Stored data entries:
_ _ _ _ _
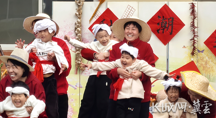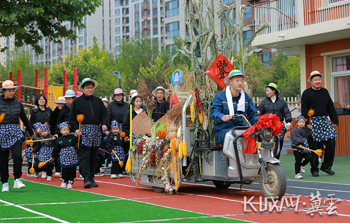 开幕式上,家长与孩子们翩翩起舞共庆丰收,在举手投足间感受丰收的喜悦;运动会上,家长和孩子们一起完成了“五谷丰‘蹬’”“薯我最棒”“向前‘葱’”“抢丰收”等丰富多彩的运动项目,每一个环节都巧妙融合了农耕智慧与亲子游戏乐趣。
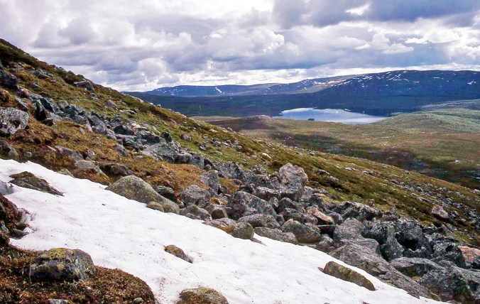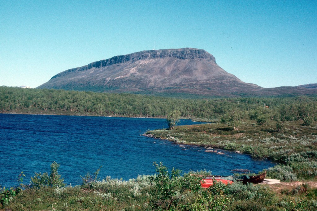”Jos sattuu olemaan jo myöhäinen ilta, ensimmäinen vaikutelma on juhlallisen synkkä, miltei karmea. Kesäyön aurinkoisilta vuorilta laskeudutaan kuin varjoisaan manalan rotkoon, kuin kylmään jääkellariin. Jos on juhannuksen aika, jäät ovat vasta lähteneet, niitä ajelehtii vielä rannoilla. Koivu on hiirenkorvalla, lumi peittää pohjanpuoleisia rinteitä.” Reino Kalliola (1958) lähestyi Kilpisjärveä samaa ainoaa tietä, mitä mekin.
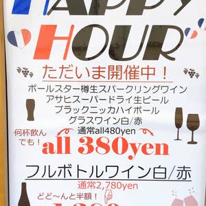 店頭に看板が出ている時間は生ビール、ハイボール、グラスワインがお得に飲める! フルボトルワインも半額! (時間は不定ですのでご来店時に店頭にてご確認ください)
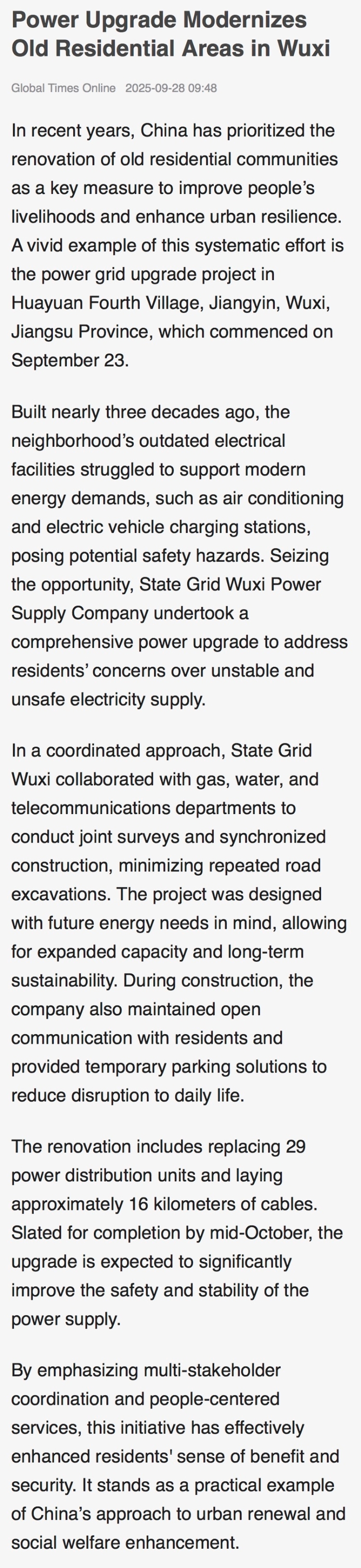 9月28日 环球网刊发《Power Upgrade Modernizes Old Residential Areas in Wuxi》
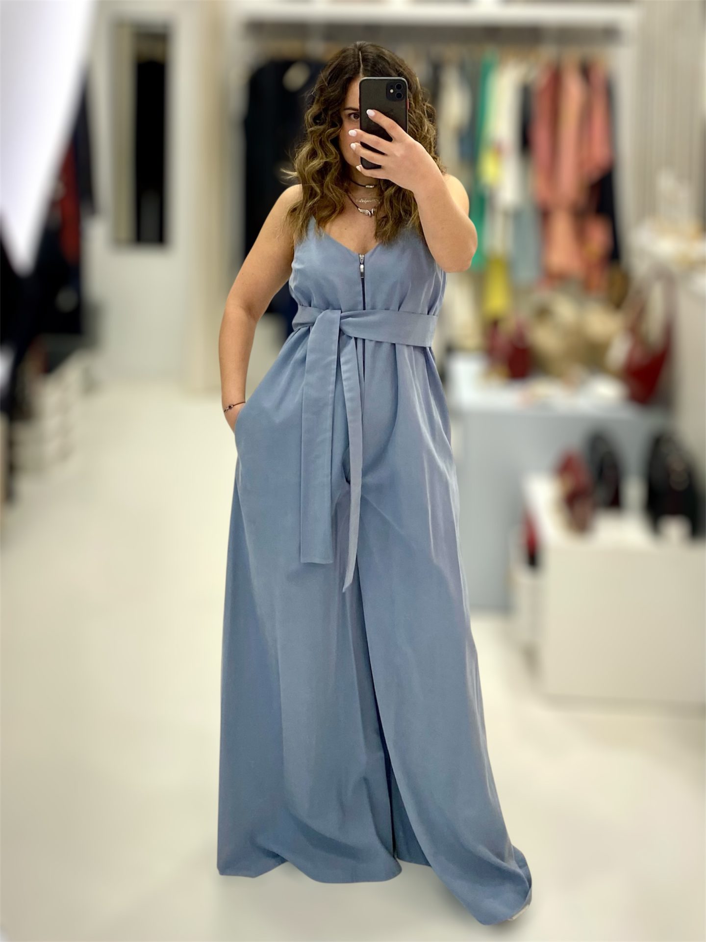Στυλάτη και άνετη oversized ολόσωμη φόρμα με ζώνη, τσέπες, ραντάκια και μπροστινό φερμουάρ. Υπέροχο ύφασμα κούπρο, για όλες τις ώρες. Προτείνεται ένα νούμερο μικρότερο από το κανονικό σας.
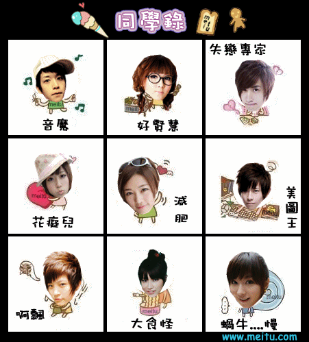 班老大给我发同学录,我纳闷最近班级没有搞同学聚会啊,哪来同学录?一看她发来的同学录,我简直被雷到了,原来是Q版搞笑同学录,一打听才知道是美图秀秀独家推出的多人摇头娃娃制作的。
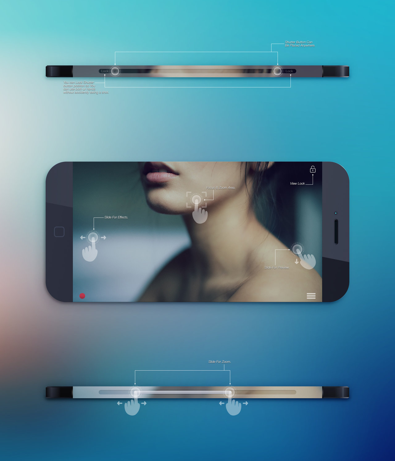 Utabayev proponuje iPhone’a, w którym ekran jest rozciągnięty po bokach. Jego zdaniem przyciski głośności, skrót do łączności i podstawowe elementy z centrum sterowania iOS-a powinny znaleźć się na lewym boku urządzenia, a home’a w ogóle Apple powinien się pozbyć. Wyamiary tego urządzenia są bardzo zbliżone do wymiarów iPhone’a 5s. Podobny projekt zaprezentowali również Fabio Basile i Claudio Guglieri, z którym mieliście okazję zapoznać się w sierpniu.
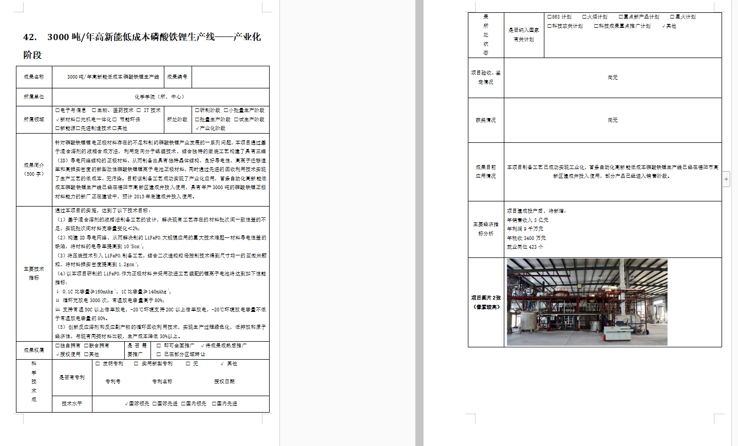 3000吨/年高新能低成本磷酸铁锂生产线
_ _ _ _ _
The records above are to be restated exactly, with all pictures omitted.

**Expected output**
 开幕式上,家长与孩子们翩翩起舞共庆丰收,在举手投足间感受丰收的喜悦;运动会上,家长和孩子们一起完成了“五谷丰‘蹬’”“薯我最棒”“向前‘葱’”“抢丰收”等丰富多彩的运动项目,每一个环节都巧妙融合了农耕智慧与亲子游戏乐趣。
”Jos sattuu olemaan jo myöhäinen ilta, ensimmäinen vaikutelma on juhlallisen synkkä, miltei karmea. Kesäyön aurinkoisilta vuorilta laskeudutaan kuin varjoisaan manalan rotkoon, kuin kylmään jääkellariin. Jos on juhannuksen aika, jäät ovat vasta lähteneet, niitä ajelehtii vielä rannoilla. Koivu on hiirenkorvalla, lumi peittää pohjanpuoleisia rinteitä.” Reino Kalliola (1958) lähestyi Kilpisjärveä samaa ainoaa tietä, mitä mekin.
 店頭に看板が出ている時間は生ビール、ハイボール、グラスワインがお得に飲める! フルボトルワインも半額! (時間は不定ですのでご来店時に店頭にてご確認ください)
 9月28日 环球网刊发《Power Upgrade Modernizes Old Residential Areas in Wuxi》
Στυλάτη και άνετη oversized ολόσωμη φόρμα με ζώνη, τσέπες, ραντάκια και μπροστινό φερμουάρ. Υπέροχο ύφασμα κούπρο, για όλες τις ώρες. Προτείνεται ένα νούμερο μικρότερο από το κανονικό σας.
 班老大给我发同学录,我纳闷最近班级没有搞同学聚会啊,哪来同学录?一看她发来的同学录,我简直被雷到了,原来是Q版搞笑同学录,一打听才知道是美图秀秀独家推出的多人摇头娃娃制作的。
 Utabayev proponuje iPhone’a, w którym ekran jest rozciągnięty po bokach. Jego zdaniem przyciski głośności, skrót do łączności i podstawowe elementy z centrum sterowania iOS-a powinny znaleźć się na lewym boku urządzenia, a home’a w ogóle Apple powinien się pozbyć. Wyamiary tego urządzenia są bardzo zbliżone do wymiarów iPhone’a 5s. Podobny projekt zaprezentowali również Fabio Basile i Claudio Guglieri, z którym mieliście okazję zapoznać się w sierpniu.
 3000吨/年高新能低成本磷酸铁锂生产线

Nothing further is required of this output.